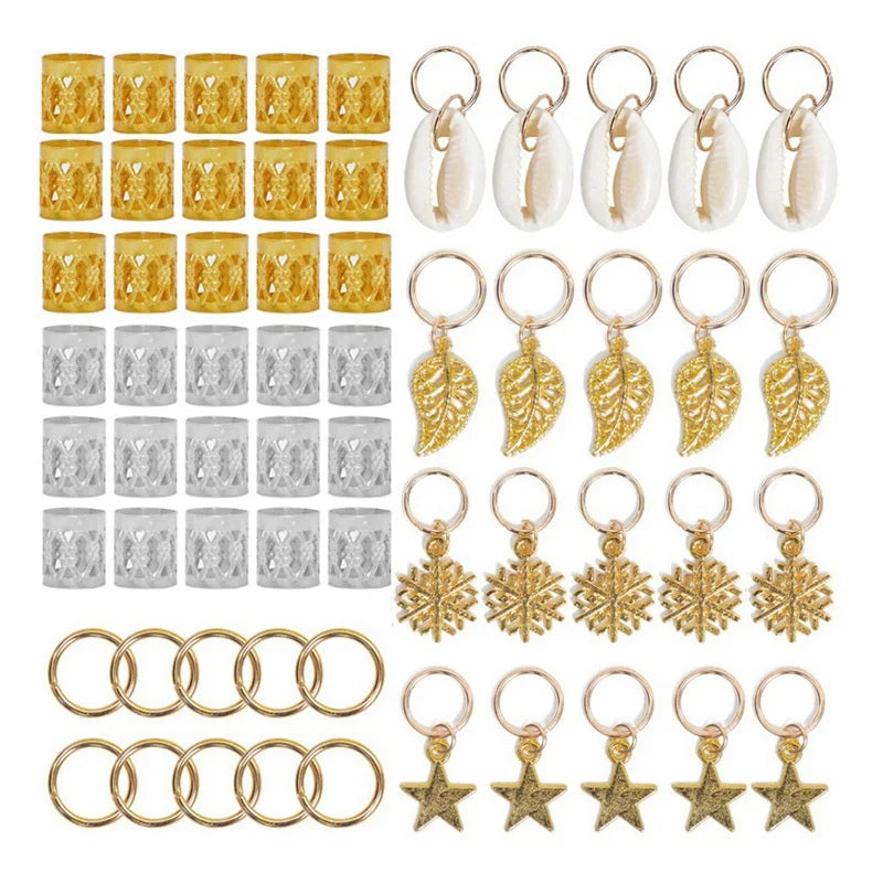 Enhance your hairstyle with this set of 80 African hair jewelry pieces, including metal hair ring tubes, cuffs, and dread beads.
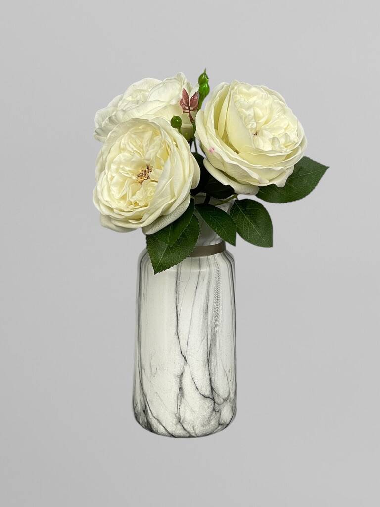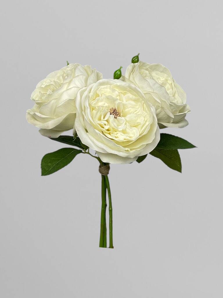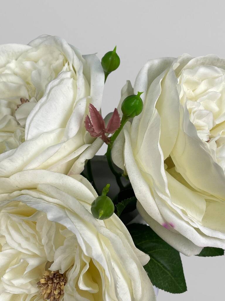 Букет штучних троянд Девіда Остіна (3 шт. у букеті), білий, 27 см
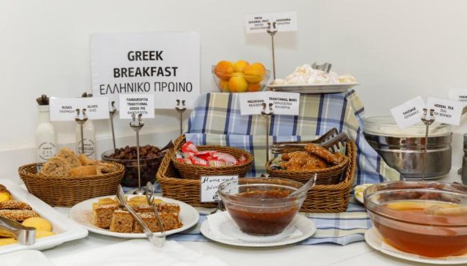 В ресторане отеля подаются блюда греческой и интернациональной кухни в виде "шведского стола". В отеле также есть стильный бар. Кроме того, имеется бар возле бассейна, где можно заказать напитки и коктейли.
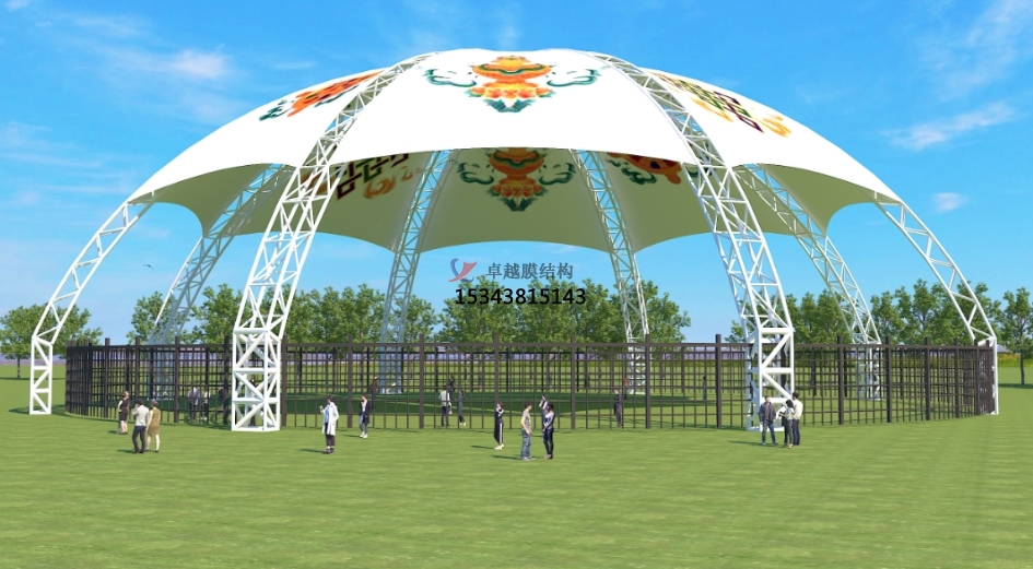 相較于一些傳統(tǒng)的建筑結(jié)構(gòu),膜結(jié)構(gòu)景觀棚由于其自身的輕巧特性,不需要龐大而厚重的支撐體系,從而能夠在有限的場(chǎng)地范圍內(nèi),最大限度地拓展出寬敞而實(shí)用的內(nèi)部空間。無論是作為休閑廣場(chǎng)上的遮陽避雨設(shè)施,還是作為公園湖畔的觀景亭,亦或是商業(yè)街區(qū)的戶外展示區(qū),膜結(jié)構(gòu)景觀棚都能以其高效的空間利用方式,滿足人們多樣化的使用需求。
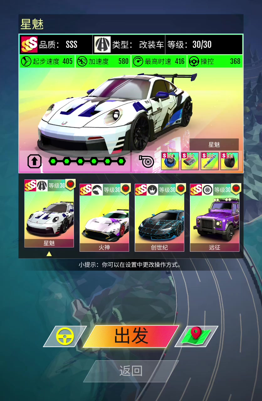 超维,弯道型跑车 S特性为无碰撞时操控提升,配合A特性加速度提升,在多弯路段能维持高速行驶。 同时跑车自身优秀的刹车性能,使超维在过弯同时,操控简单易上手; 超维无法通过弹墙技巧来取得急转优势,极度依赖走线过弯,因此频繁急转的路段处于劣势; 相对,超维拥有极高的基础最高时速,在弯道和直线复合路段时能取得更高的成绩 推荐地图:海岛,山脉,绿洲 次选地图:雪地,工厂,都市 零件搭配: 主要属性优先选择
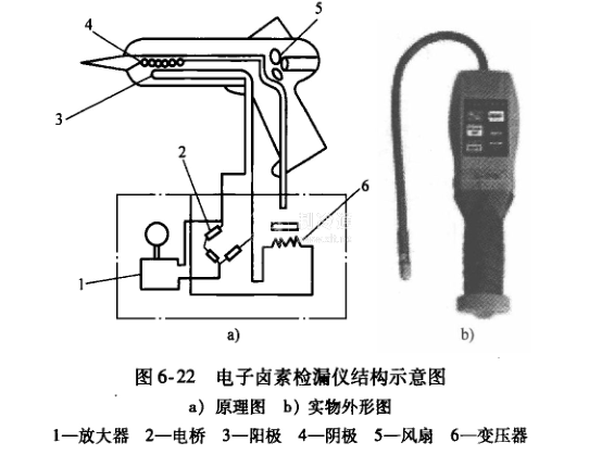 電子鹵素檢漏儀的結(jié)構(gòu)如圖6-22所示。用鉑絲作陰極、鉑罩作陽(yáng)極構(gòu)成一個(gè)電場(chǎng),通電后鉑絲達(dá)到熾熱狀態(tài),發(fā)射出電子和正離子,儀器的探頭(吸管)借助微型風(fēng)扇的作用,將探測(cè)處的空氣吸入,并通過(guò)電場(chǎng)。如果被吸入的空氣中含有鹵素(如R12、R22、R134等),與熾熱的鉑絲接觸即分解成鹵化氣體,電場(chǎng)中一旦出現(xiàn)鹵化氣體,鉑絲(陰極)的離子放射量就要迅猛增加,所形成的離子流隨著吸入空氣中的鹵素多少成比例地增減。因此,可根據(jù)離子電流的變化來(lái)確定泄漏量的多少。離子電流經(jīng)過(guò)放大并通過(guò)儀表顯示出量值,同時(shí)發(fā)出音響信號(hào)。
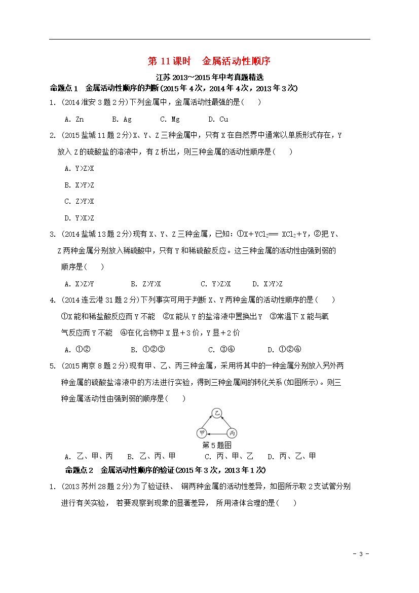 试题-江苏-2016_江苏省2016届中考化学复习讲练 第11课时 金属活动性顺序(13-15年真题精选,含解析)
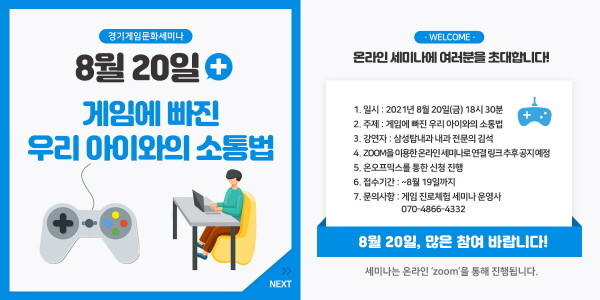 월 1회 진행되는 ‘경기 게임문화 세미나’는 게임을 잘 이해해 자녀와 소통하고 싶은 보호자와 향후 게임과 관련된 직업을 갖고 싶은 청소년 등을 위해 비대면 온라인 생방송으로 진행되는 게임 진로·커뮤니케이션 세미나다.
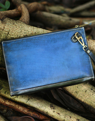 Design: Handmade Leather Clutch Wristlet Bag Wallet Zipper Large Clutch Wristlet Wallet for Men
------------------------------------------------------------------------
Range to copy from the listing above: the line with "Букет штучних троянд" through the line with "В ресторане отеля". Transcribe it exactly and skip the pictures.

 Букет штучних троянд Девіда Остіна (3 шт. у букеті), білий, 27 см
 В ресторане отеля подаются блюда греческой и интернациональной кухни в виде "шведского стола". В отеле также есть стильный бар. Кроме того, имеется бар возле бассейна, где можно заказать напитки и коктейли.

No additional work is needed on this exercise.